Folk Italianate Farmhouse Addition

  • City: Massachusetts, Needham
  • Notes:

    A new living room addition transforms the rear of this house with the opportunity to enjoy the outdoors and the family activities that are centered there.

    The existing home, built in 1884, is an front-gabled folk version of an Italianate house distinguished by the arrangement of tall, narrow, two-pane windows of decreasing rank by story, paired windows and doors, window crown details, slender frieze returns, and low sloped or hipped flanking roof.

    Chace Architecture was tasked by the owner’s to expand their living space in the oldest portion of the home by creating a new informal living room that connects the existing kitchen visually and physically to the rear yard which faces conservation land. A new deck perched above the rear yard allows for enjoyment of the yard and box seating for the family’s seasonal hockey rink below accessed through the new walk-out basement. The addition also provides a new covered entry opening into a new mudroom with adjacent laundry and new stairway access to the basement.

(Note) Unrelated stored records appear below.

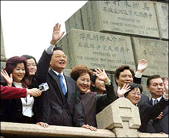 Chiang Pin-Kun and his delegation had arrived in Guangzhou the previous afternoon, marking the KMT's first formal visit to the mainland since the group fled to Taiwan in 1949.
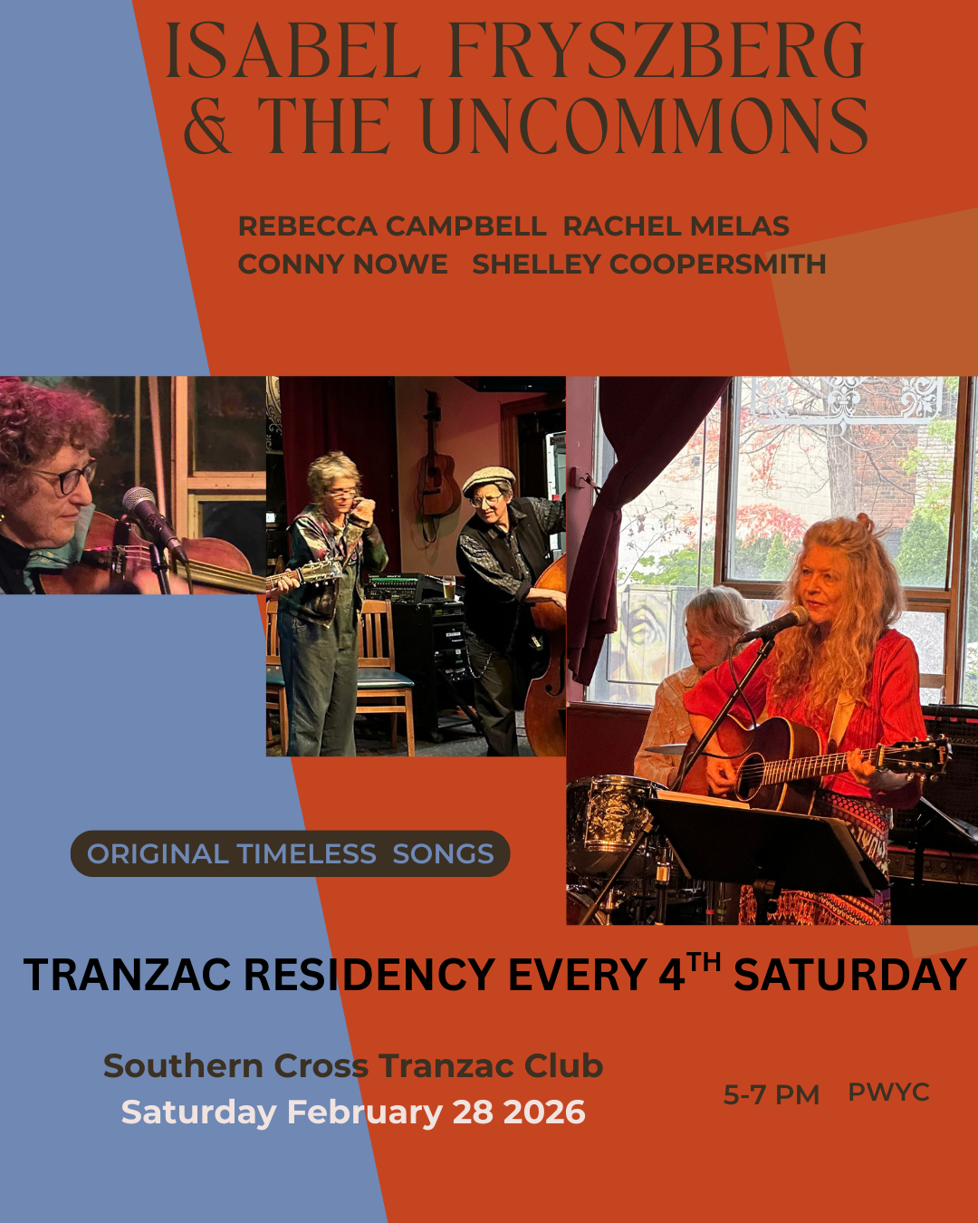 Isabel Fryszberg is a hybrid artist (songwriter, painter, therapist) and a storyteller at heart. Her songs explore themes of connection, urban life, family, love and loss. Her Uncommon band highlights some of Toronto’s finest, veteran musicians. Over the last year her all women, Uncommon band features Rebecca Campbell (Jane Siberry) Rachel Melas (Swamperella ) Conny Nowe (Swamperella) and Shelley Coopersmith (Cameron Family Singers). This is her second year performing every 4th Saturday of the month from 5-7PM as part of the Tranzac residency program. Isabel’s melodies, include evocative three part harmonies, weave a tapestry of genre-blending folk, with jazz, blues , country and bluegrass influences. Her songs are quirky and reflective, from toe tapping, with some giggles, to honest and deeply human. These include songs of protest and some deeply personal ones. Always fun with some surprises and at times with some mighty fine special guests! "
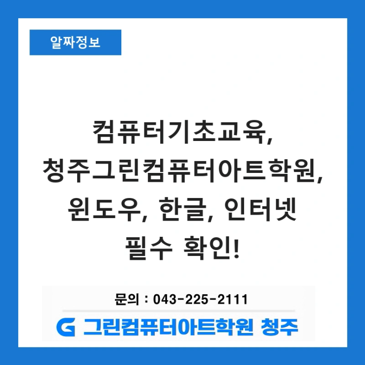 컴퓨터기초교육, 청주그린컴퓨터아트학원, 윈도우, 한글, 인터넷 필수 확인!

    With a strict budget Chace Architecture worked closely with the Owner’s and builder, S.J. Overstreet, to work review design options and constructability issues such as the strategic advantage or disadvantage in keeping the nearly 200 year old structure. The decision to keep the bulk of the existing structure led us to add on new volumes that were consistent in scale and in keeping with the historical style of the house.

    In developing the massing and layout of the addition one of the guiding principals was to maintain the view of a large Oak tree and swing in the rear yard of the house in order to provide an invitation to visitors to head to the back of the house. The other was providing direct site-lines from the kitchen island into the new living room space, but more importantly, through it to the landscape beyond.